**What you need to do**
In the records below, find the line that contains "The Minnie Mouse" and the line that contains "而E7和E9中恰有一格填入数"; write out exactly those two lines and everything between them, without the pictures.

**Available records**
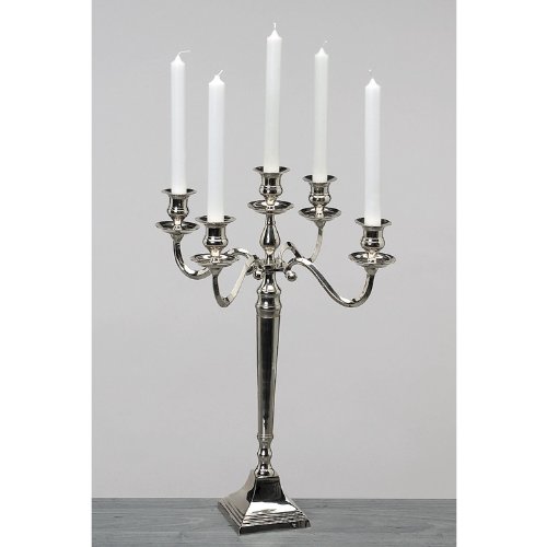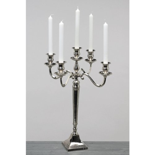 Portacandela Candelabro 5 Braccia Alluminio Argento 50cm
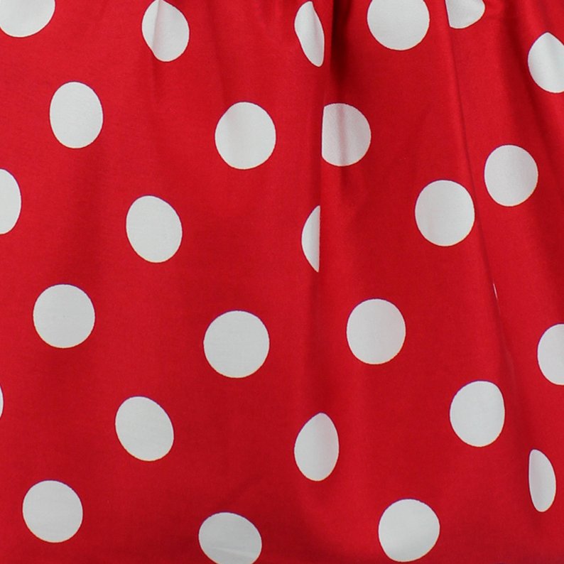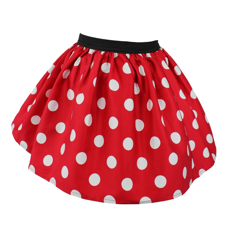 The Minnie Mouse inspired skirt is composed white polka dots on a vibrant red. Style it with another dotted top, a solid black, solid white, or solid red. Perfect to wear on 1950's themed parties or trips to the amusement park.
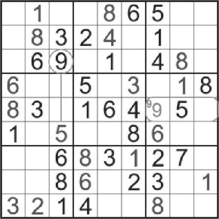 而E7和E9中恰有一格填入数字9,而它们又刚好在同一个宫内,所以第6宫内的其余位置都不可以填入数字9。
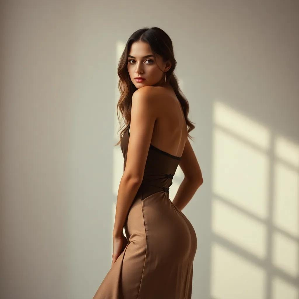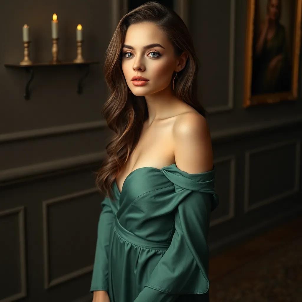 In the elegant studio, a masterpiece unfolded before the artist's discerning eye. His subject, a captivating beauty named Sophia, posed with calculated nonchalance, her slender form a study in elegant geometry. Her skin glowed with a warm, golden light, as if kissed by the sun. Her raven tresses cascaded down her back like a waterfall of night, framing the delicate contours of her face. As the artist's brush danced across the canvas, Sophia's gaze drifted to the mirror, where her reflection watched her with an air of quiet confidence. Her shoulders, two perfect curves of alabaster, rose and fell with each measured breath, their delicate lines a testament to her poise. Her navel, a tiny, shimmering pool, seemed to beckon the artist's hand, inviting him to explore the intricate patterns of her being. With each stroke of the brush, Sophia's pose became more captivating, her body a fluid, sinuous curve that seemed to defy gravity itself. Her hips swayed, a slow, hypnotic rhythm that drew the artist in, like a bird to a melody. Her eyes, two glittering sapphires, flashed with a fierce, inner light, as if burning with a creative passion that could not be contained. As the artist's fingers moved across the canvas, Sophia's body seemed to come alive, her skin rippling with a sensual pleasure that was almost palpable. Her breath quickened, her heart pounding in her chest like a drum, as she surrendered to the creative fantasy that was unfolding before her. And in that moment, she was one with the artist, their minds and spirits entwined in a dance of artistic delight that would leave them both inspired and wanting more. The artist's brush danced across the canvas, capturing the essence of Sophia's beauty, her elegance, and her poise. The colors blended together in a beautiful harmony, a masterpiece that would be remembered for generations to come.
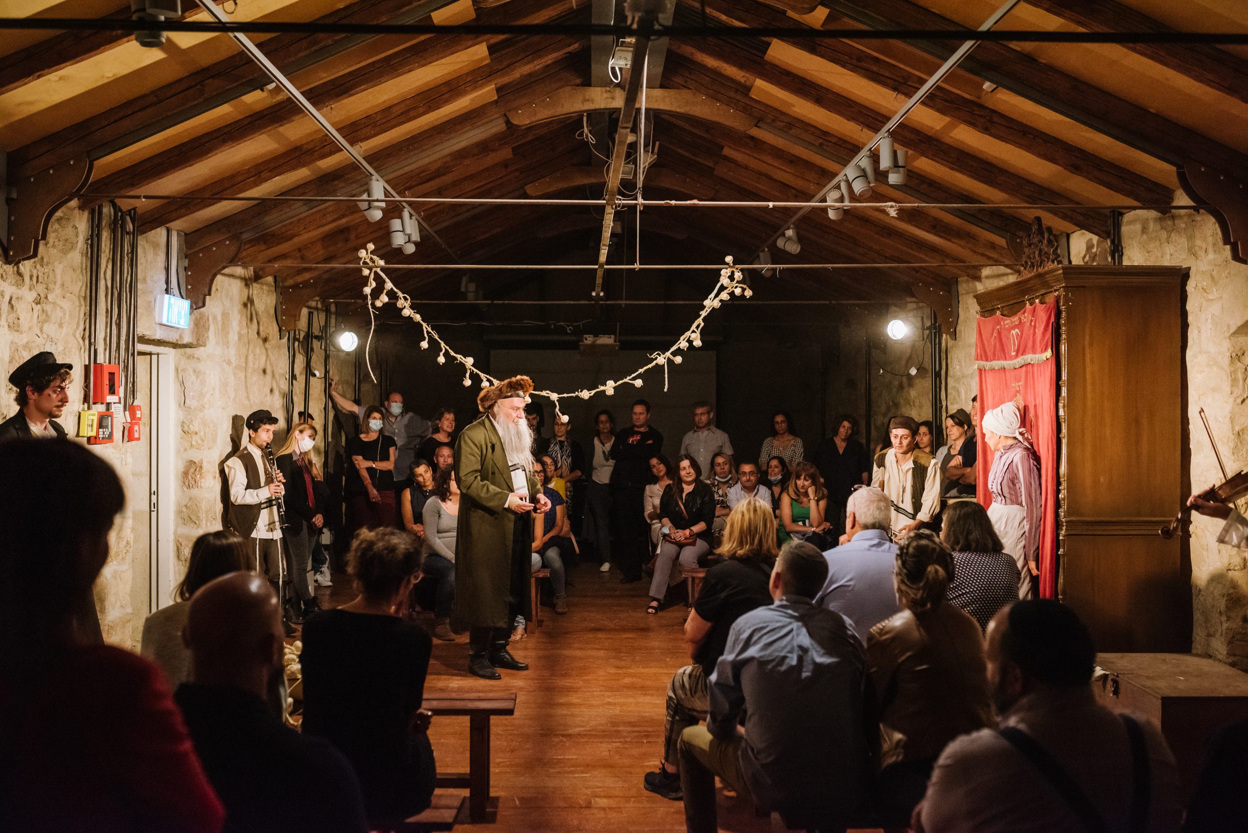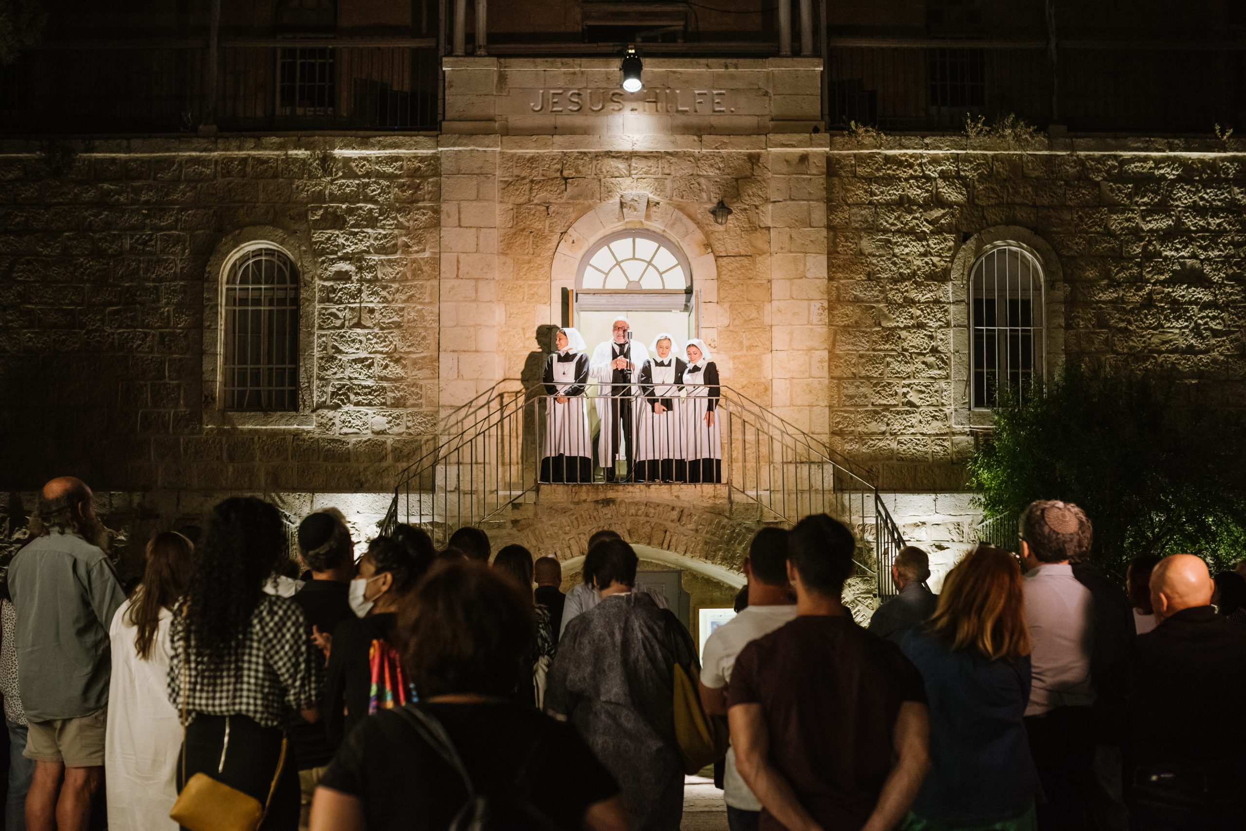 The play “A Wedding in Times of Plague” is an innovative and unique collaboration between two neighboring Jerusalem institutions—Hansen House and the Khan Theater, with the support of the Jerusalem Development Authority and the Jerusalem Foundation. The production featured Hebrew-speaking and Arabic-speaking actors, reflecting the microcosm of Jerusalem, then and now, and was accompanied by live music performed by four musicians.

**Task output**
 The Minnie Mouse inspired skirt is composed white polka dots on a vibrant red. Style it with another dotted top, a solid black, solid white, or solid red. Perfect to wear on 1950's themed parties or trips to the amusement park.
 而E7和E9中恰有一格填入数字9,而它们又刚好在同一个宫内,所以第6宫内的其余位置都不可以填入数字9。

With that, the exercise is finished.